Bei der Durchsicht der Transkripte der Gespräche stellten die Wissenschaftler jedoch fest, dass Ärzte bei dünneren Patienten angenehmer waren.

In einem Gespräch mit einer normalgewichtigen Patientin, die zum Beispiel am Bein operiert wurde, kommentierte der Arzt "Sie haben immer noch gute Beine" als die Patientin beklagte, dass ihre Operationsnarbe noch sichtbar sei und sie hässliche Schuhe tragen müsse . "Klobige Schuhe sind immer noch drin", wie Crox. "Hol dir etwas ... für den Frühling. Das lässt dich immer gut fühlen."

Als ein anderer normalgewichtiger Patient bemerkte, dass sie nicht so viele Hitzewallungen wie in der jüngsten Vergangenheit hatte, sagte der Arzt: "Ich bin froh, dass es dir jetzt besser geht." Als ein Patient sich frustrierte, weil er Schwierigkeiten hatte, einen Termin bei einem Spezialisten zu bekommen, antwortete der Arzt: "Ich stimme Ihnen zu. (Es ist sehr frustrierend, wenn das passiert.")

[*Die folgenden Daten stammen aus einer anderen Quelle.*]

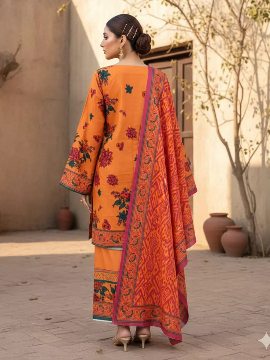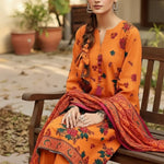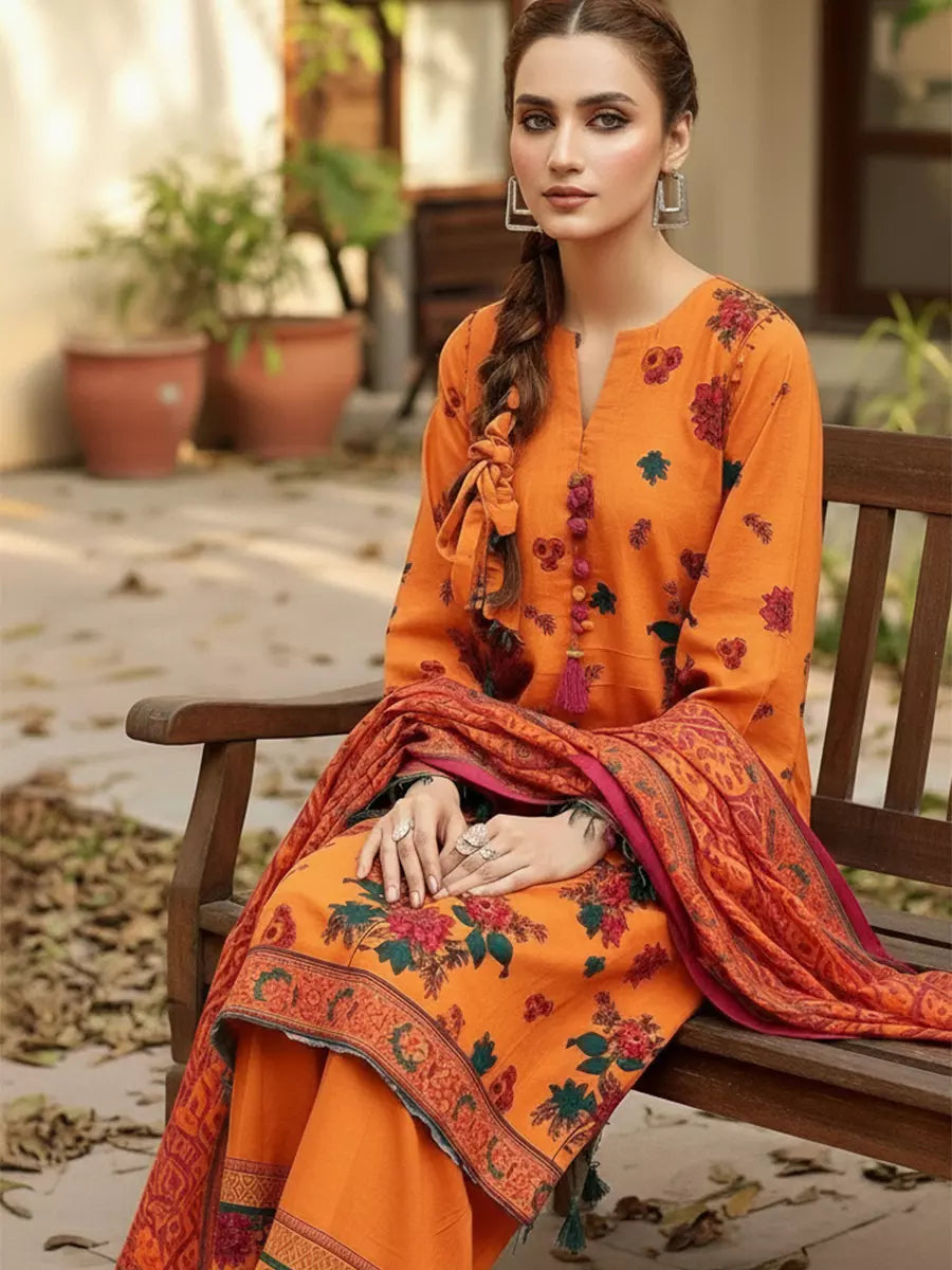 Elegant 3-piece khaddar suit featuring a beautifully printed khaddar shirt, printed khaddar dupatta, and a coordinated printed trouser. Crafted from soft winter khaddar fabric, this outfit combines comfort with timeless floral charm, perfect for everyday elegance and seasonal style.
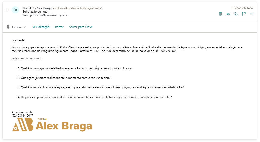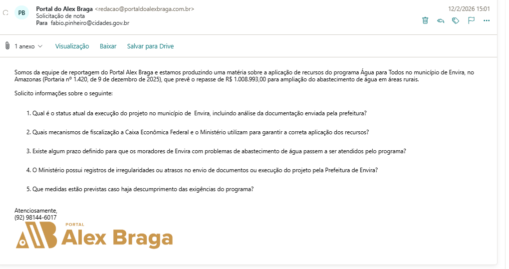 O município de Envira, no interior do Amazonas, recebeu R$ 1.008.993,00 do Programa Água para Todos, mas a população afirma que, sob a gestão do prefeito Ivon Rates (PSD), o recurso não se transformou em água nas torneiras. Enquanto o dinheiro foi garantido por meio da Portaria nº 1.420, publicada pelo Ministério das Cidades em 9 de dezembro de 2025, moradores denunciam que continuam enfrentando escassez e acusam a Prefeitura de descaso com a aplicação dos recursos.
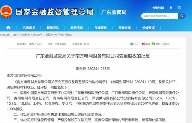 近日,廣東金融監(jiān)管局公布相關(guān)批復(fù),同意中國南方電網(wǎng)有限責(zé)任公司(簡稱:南方電網(wǎng))受讓廣東電網(wǎng)有限責(zé)任公司、廣西電網(wǎng)有限責(zé)任公司、云南電網(wǎng)有限責(zé)任公司、貴州電網(wǎng)有限責(zé)任公司、海南電網(wǎng)有限責(zé)任公司、深圳供電局有限公司分別持有的南方電網(wǎng)財(cái)務(wù)有限公司(簡稱:南方電網(wǎng)財(cái)務(wù)公司)21.2%、10.8%、10.8%、10.8%、2.4%、10%股權(quán)。受讓后,南方電網(wǎng)合計(jì)持有南方電網(wǎng)財(cái)務(wù)公司70億元股份,持股比例為100%股權(quán)。以下是相關(guān)批復(fù)正文:
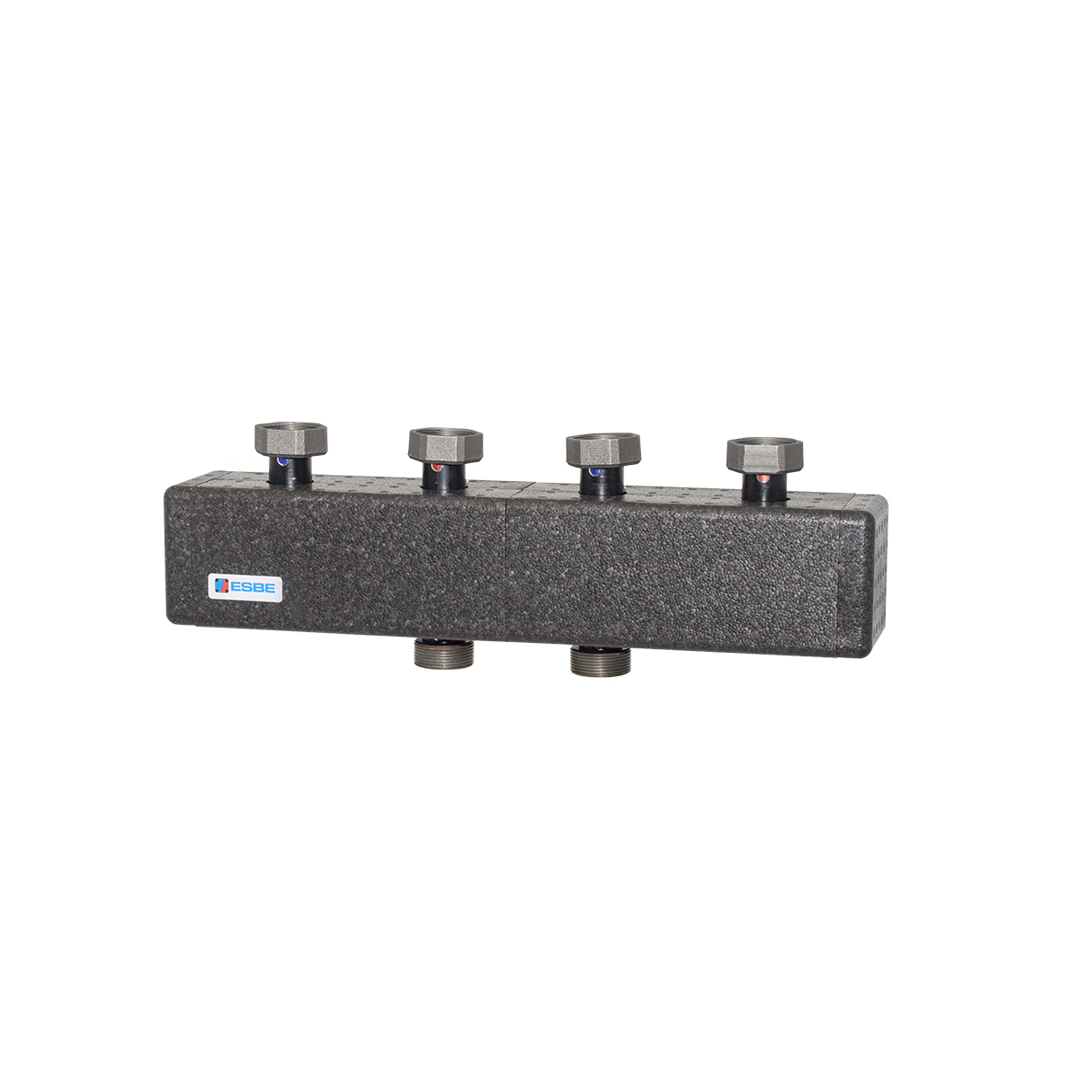 Verteiler für Pumpengruppen mit Anschlussgröße DN 25-32 der Serie GxA100. Er wird in einem Isoliergehäuse und mit Halterungen zur Wandmontage geliefert. Der Verteiler ist farblich gekennzeichnet, um die Installation so einfach wie möglich zu gestalten.

Die Forscher von Johns Hopkins verwendeten ein standardisiertes psychologisches Messinstrument, das sogenannte "Rote Interaction Analysis System", um ihre Eindrücke zu bestätigen, dass Ärzte stärkere emotionale Bindungen mit dünneren Patienten aufgebaut haben. Es gab keine Vorfälle von offener Unprofessionalität, keine beleidigenden oder abfälligen Bemerkungen, keine direkten Kommentare über Fettleibigkeit bei Patienten, obwohl dies die Tatsache widerspiegeln könnte, dass sowohl die Ärzte als auch die Patienten wussten, dass ihre Gespräche aufgezeichnet wurden.

Und die Wissenschaftler fanden heraus, dass Patienten im Allgemeinen von ihren Ärzten emotional ermutigt wurden, obwohl übergewichtige oder adipöse Patienten etwa 35% weniger Anzeichen für eine emotionale Ermutigung von ihren medizinischen Betreuern erhalten. Das Johns Hopkins-Forschungsteam fand jedoch nicht, dass übergewichtige oder fettleibige Patienten weniger medizinische Informationen von ihren Ärzten erhielten.